Launched in March 2017, the Ama Ata Aidoo Centre for Creative Writing (Aidoo Centre), under the auspices of the Kojo Yankah School of Communications Studies at the African University College of Communications (AUCC) in Adabraka, Accra, was named in her honour—the first centre of its kind in West Africa, with Nii Ayikwei Parkes as its director.

== Selected works ==
- The Dilemma of a Ghost (play), Accra: Longman, 1965. New York: Macmillan, 1971.
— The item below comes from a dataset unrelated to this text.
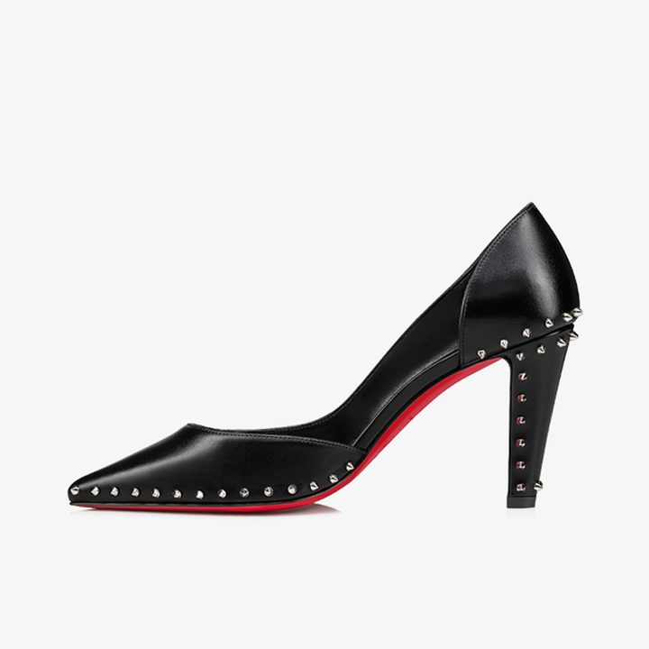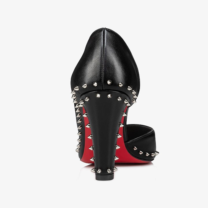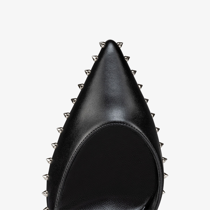 Black Calf Leather Pump with Mini Spikes

- Anowa (play based on a Ghanaian legend), London: Longman, 1970. New York: Humanities Press, 1970.
- No Sweetness Here: A Collection of Short Stories, London: Longman, 1970. New York: Doubleday.
- Our Sister Killjoy: or Reflections from a Black-eyed Squint (novel), Longman, 1977.
- Someone Talking to Sometime (poetry collection), Harare: College Press, 1986.
- The Eagle and the Chickens and Other Stories (for children), Enugu: Tana Press, 1986.
- Birds and Other Poems, Harare: College Press, 1987.
- An Angry Letter in January (poems), Coventry: Dangaroo Press, 1992,
- Changes: A Love Story (novel), London: The Women's Press, 1991. New York: Feminist Press at the City University of New York, 1993.
- The Girl Who Can and Other Stories, Accra: Sub-Saharan Publishers, ISBN 978-0435910136; Heinemann African Writers Series, 1997.
- Diplomatic Pounds & Other Stories, Ayebia Clarke Publishing, 2012, ISBN 978-0956240194.

===As editor===
- African Love Stories: An Anthology, Ayebia Clarke Publishing, 2006. ISBN 978-0-9547023-6-6.